▶ **Requirement**: Everything from the first line of the data through the line with "江蘇泗洪5000多只鵝林場(chǎng)吃食,場(chǎng)面壯觀。" is to be echoed exactly, minus the pictures.

Start of Data shown

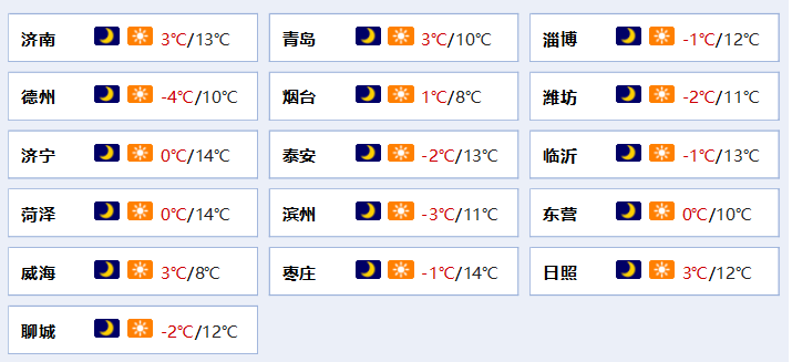 全省天气晴间多云。半岛地区北风转南风3~4级,其他地区南风3~4级短时北风2~3级。 最低气温:鲁西北和半岛内陆地区-3℃左右,沿海地区2℃左右,其他地区-1℃左右。
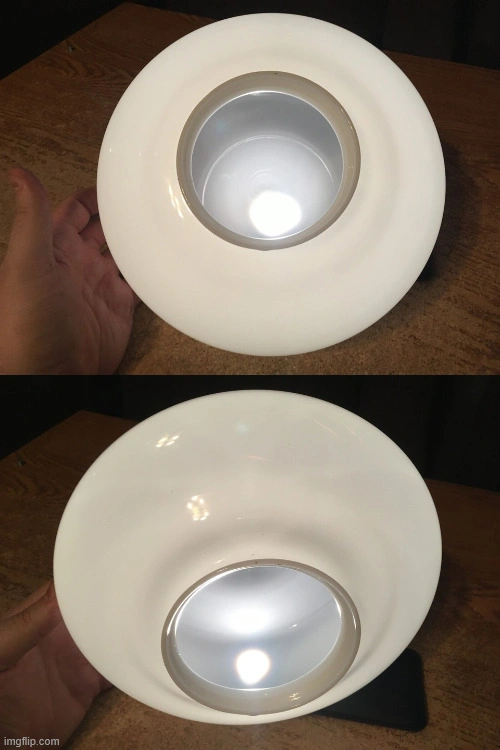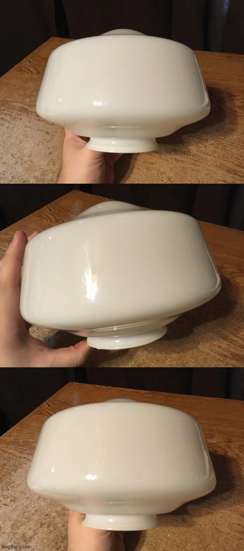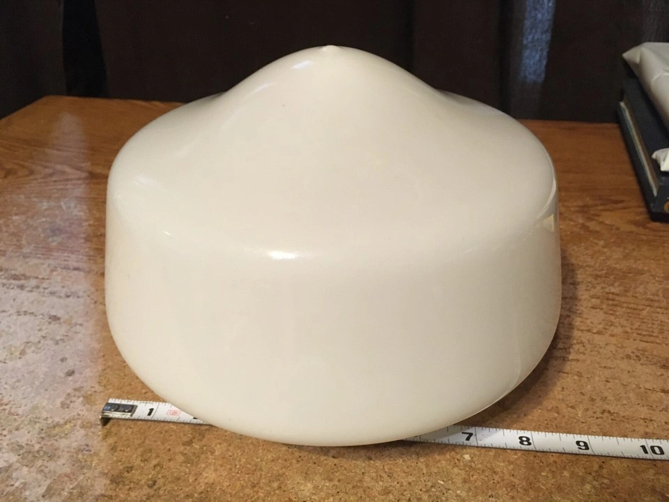 Unique vintage light fixture. White milk glass globe. Perfect for retro or mid-century modern decor. Shows minor wear consistent with age. it's about 9 in across and 6 in tall pick up at house
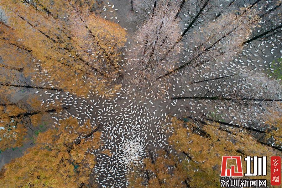 江蘇泗洪5000多只鵝林場(chǎng)吃食,場(chǎng)面壯觀。
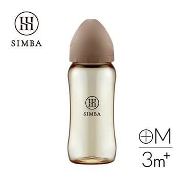 Simba蘊蜜鉑金PPSU寬口防脹氣奶瓶360ml(栗粉)-全齡適用
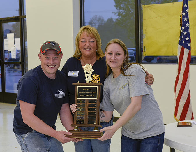 Danny Warren and Jen Weiss of Sunset Variety in Raymond accept the Sebago Lake Rotary Pizza Challenge People’s Choice award from Rotarian Deb McPhail, center.
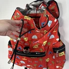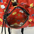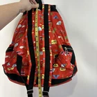 LeSportsac Backpack Drawstring Red Outdoor Palm Tree Camping Biking Nylon Adult great preowned condition red print is palm trees, rainbow, tents, camper, bikes, sun glasses Drawstring main closure Top flap with adjustable quick release closure Exterior front pocket with zipped closure Two exterior side pockets with zipped closures Adjustable shoulder straps Three interior pockets Interior zip/open pocket 22 14.7
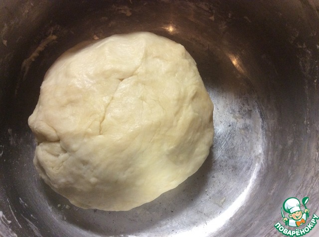 Добавляем мелко поломанные дрожжи. Постепенно вливая теплую воду, замешиваем тесто. Хорошо вымешиваем, собираем в шар, накрываем пакетом и отправляем в теплое место для увеличения объема в несколько раз.
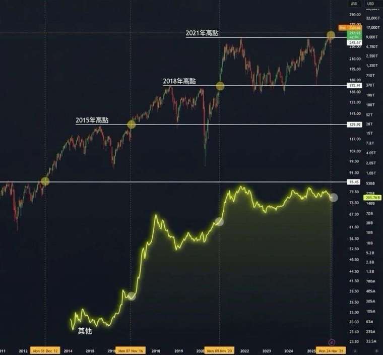 對比圖表下方的山寨幣市值(其他),目前的走勢與羅素 2,000 突破前的狀態極為相似。山寨幣市場目前仍處於一個巨大的震盪區間內,尚未出現全面爆發。根據圖中繪製的預測路徑,如果歷史規律再次應驗,羅素 2,000 的突破就是發令槍,預示著山寨幣市場即將結束洗盤,跟隨美股小盤股的步伐,開啟新一輪的主升浪。這種預期也就是幣圈常說的 Hopium(希望與沈迷的結合詞),但在這裡,它有堅實宏觀數據支持。
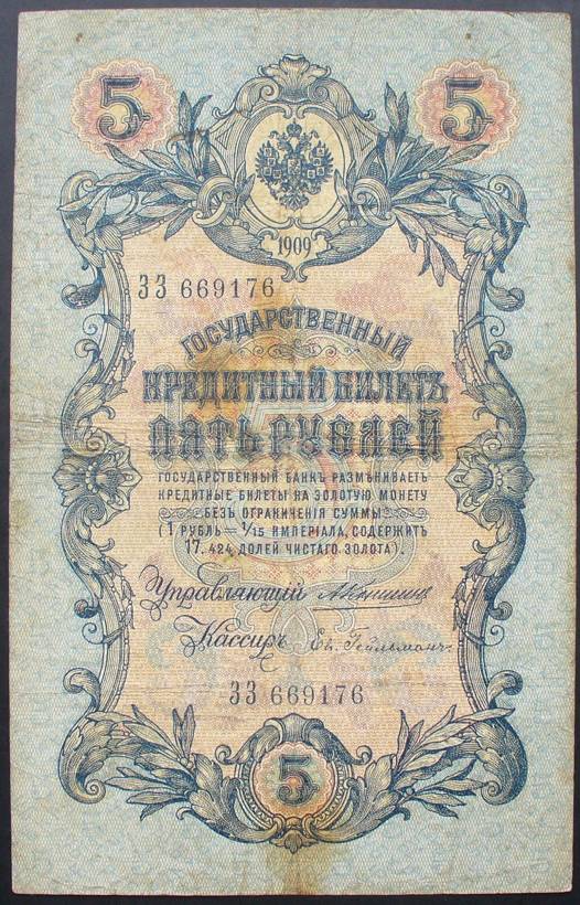 Rusija 1909 5 RUBLIAI P10a(9).....5762
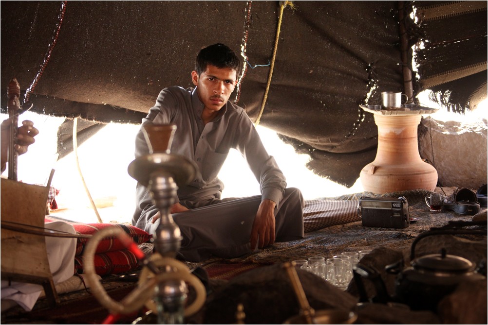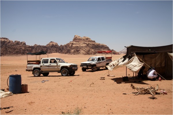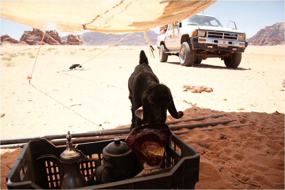 Помимо этого, местные бедуины, судя по всему, на полставки подрабатывают живыми достопримечательностями Вади Рама; видно, что для них мы — очередная группа любопытных, которых волей Аллаха занесло в эти суровые места. Немногословные молодые мужчины предлагают угощение, а потом уходят под сень палатки пить чай. Их чаепитие прерывается через пять минут: непоседливые туристы напрашиваются к ним в компанию, а еще через пару минут в палатке остаются только гости, в то время как хозяева отходят в сторонку.
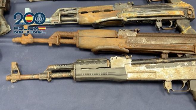 En la operación desarrollada en Algeciras, distinta a la de Marbella, los agentes intervinieron 25 armas de fuego destinadas a proteger las guarderías de la droga. Las armas -19 armas de guerra AK47 del calibre 7´62 y 6 armas cortas de 9mm PB- fueron localizadas en el interior de un vehículo con placas dobladas en la localidad. Una persona fue detenida por su implicación en los hechos.
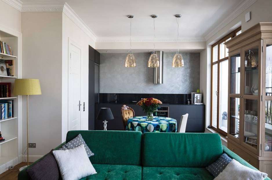 Кухни студии часто оформляются именно с применением дивана и сопутствующих атрибутов. В случаях когда гостиная и прочие комнаты для приема пищи пересекаются с кухней или неотъемлемы от нее, такой атрибут помещения как диван совершенно незаменимы.

End of Data shown

▶ **Task response**:
 全省天气晴间多云。半岛地区北风转南风3~4级,其他地区南风3~4级短时北风2~3级。 最低气温:鲁西北和半岛内陆地区-3℃左右,沿海地区2℃左右,其他地区-1℃左右。
 Unique vintage light fixture. White milk glass globe. Perfect for retro or mid-century modern decor. Shows minor wear consistent with age. it's about 9 in across and 6 in tall pick up at house
 江蘇泗洪5000多只鵝林場(chǎng)吃食,場(chǎng)面壯觀。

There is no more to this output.